● **DATA SECTION**:

_ _ _ _

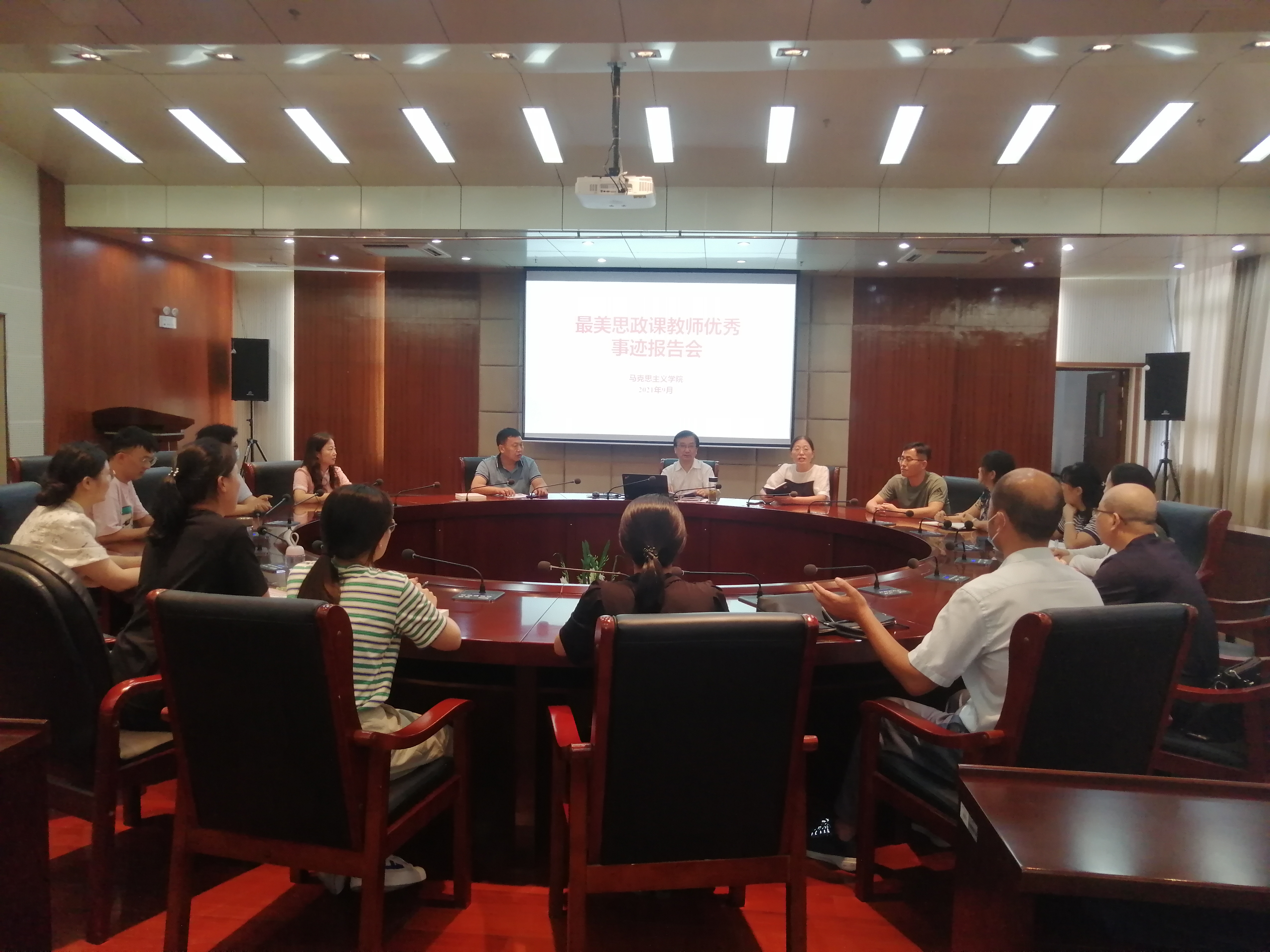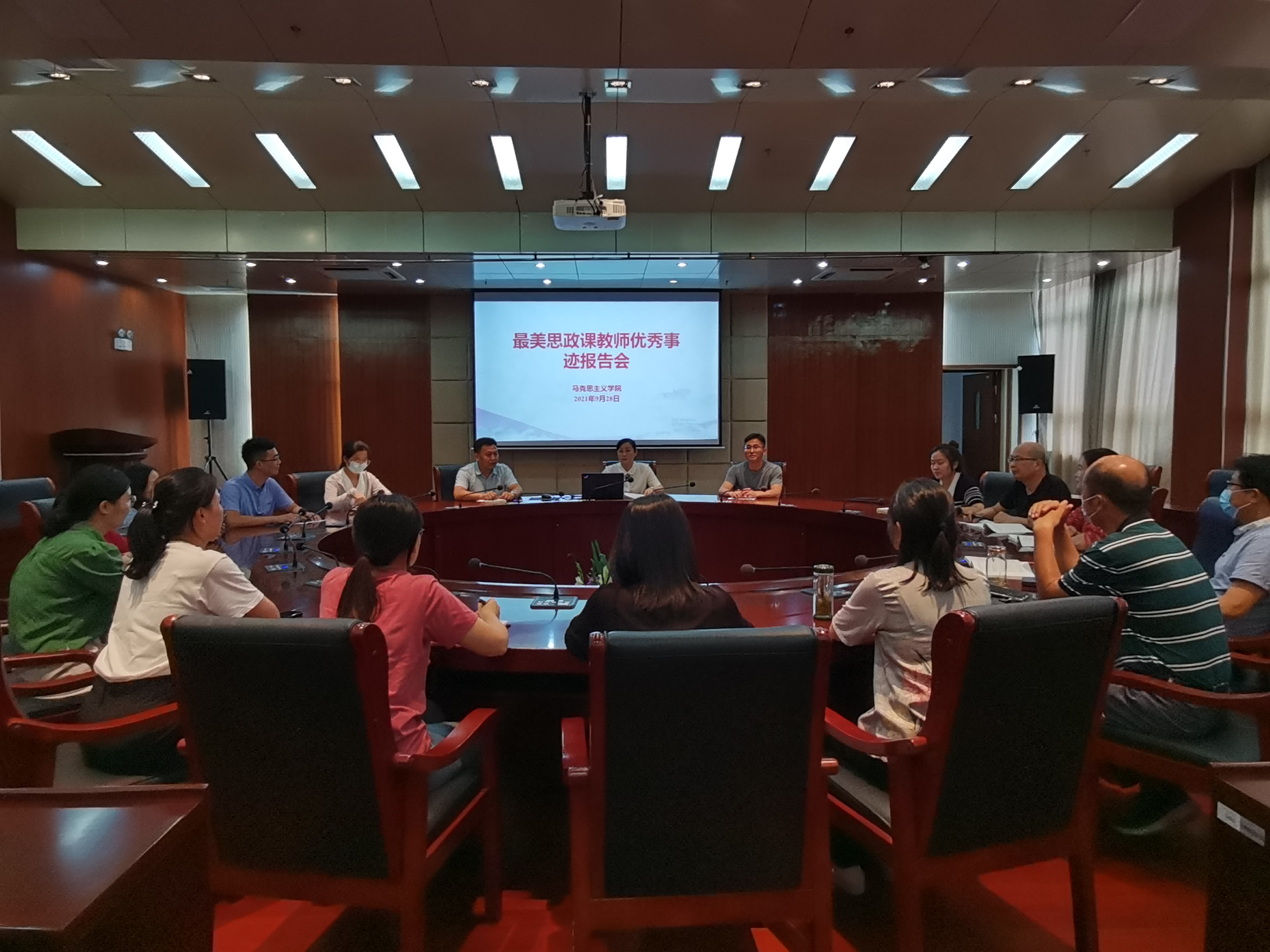 根据马克思主义学院加强师德师风建设问题专项整治工作的总体安排,为充分利用身边榜样,发挥先进典型的示范引领作用,引导全体教师从“被感动”到“见行动”,进一步加强师德师风建设,9月27日、28日,马克思主义学院在综合楼11楼会议室举办最美思政课教师先进事迹宣讲,会议由马克思主义学院副院长孔金主持,马院全体教师参加会议。
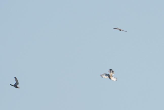 尽管当日薄雾笼罩,多个观测点能见度不佳,镇江志愿者们的热情却丝毫不减。上午10时33分,南山观测点率先记录到林雕身影;11时57分,十里长山再添一笔观测记录;12时19分,南山观测点惊喜迎来第二只林雕!除林雕外,黑鸢、凤头鹰、松雀鹰等常见猛禽陆续现身,南山风景区更记录到罕见的鹊鹞(成年雄鸟),成为当日监测的“意外之喜”。
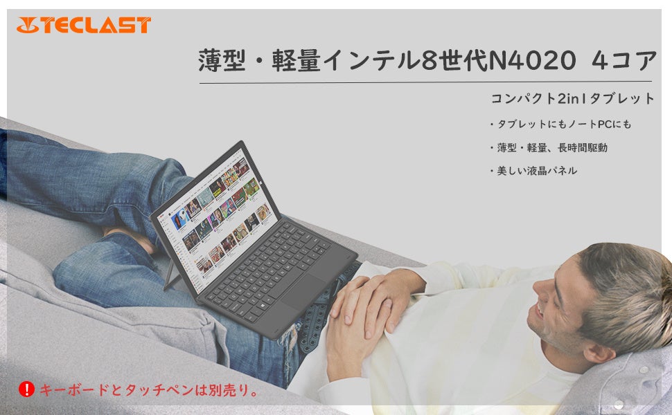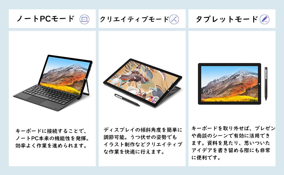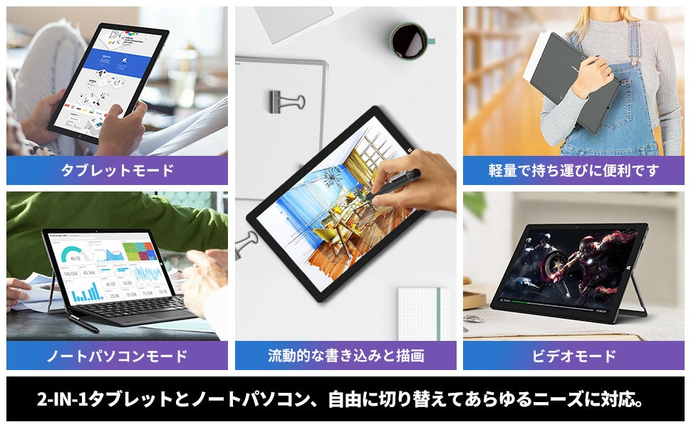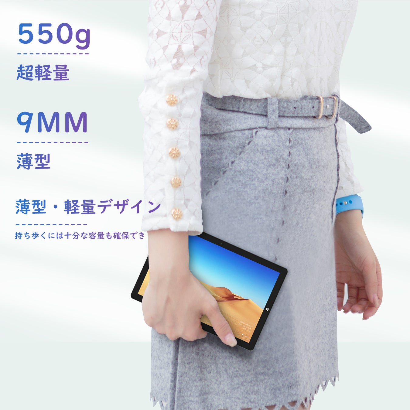 わずか55g、厚さ9MMの2in1 超軽量ノートパソコン / タブレット。持ち運びに便利なコンパクトボディーにキーボード体型の専用がバーを販売し、カバーを装着することでノートパソコのようには画面を閉じて持ち運ぶことがてき、移動時の画面への衝撃を緩和します。
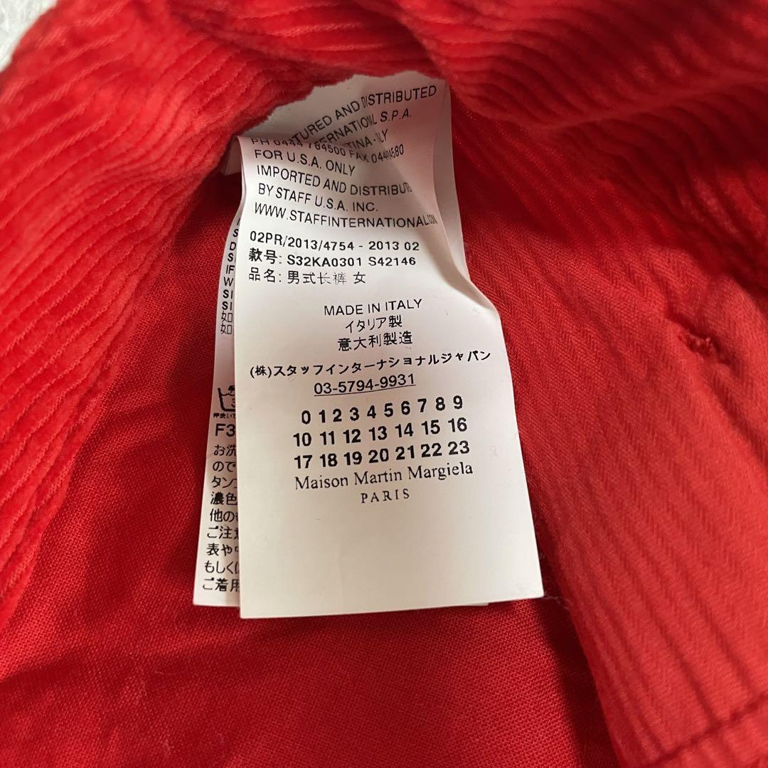 細いコーデュロイのパンツです。落ち着いた赤なのでどんな色にでも合わせやすいと思います。イタリア製です。よろしくお願いします。

_ _ _ _

● **REQUIRED ACTION**:
Reproduce the data in full. Do not carry over any picture.

● **TASK ANSWER**:
 根据马克思主义学院加强师德师风建设问题专项整治工作的总体安排,为充分利用身边榜样,发挥先进典型的示范引领作用,引导全体教师从“被感动”到“见行动”,进一步加强师德师风建设,9月27日、28日,马克思主义学院在综合楼11楼会议室举办最美思政课教师先进事迹宣讲,会议由马克思主义学院副院长孔金主持,马院全体教师参加会议。
 尽管当日薄雾笼罩,多个观测点能见度不佳,镇江志愿者们的热情却丝毫不减。上午10时33分,南山观测点率先记录到林雕身影;11时57分,十里长山再添一笔观测记录;12时19分,南山观测点惊喜迎来第二只林雕!除林雕外,黑鸢、凤头鹰、松雀鹰等常见猛禽陆续现身,南山风景区更记录到罕见的鹊鹞(成年雄鸟),成为当日监测的“意外之喜”。
 わずか55g、厚さ9MMの2in1 超軽量ノートパソコン / タブレット。持ち運びに便利なコンパクトボディーにキーボード体型の専用がバーを販売し、カバーを装着することでノートパソコのようには画面を閉じて持ち運ぶことがてき、移動時の画面への衝撃を緩和します。
 細いコーデュロイのパンツです。落ち着いた赤なのでどんな色にでも合わせやすいと思います。イタリア製です。よろしくお願いします。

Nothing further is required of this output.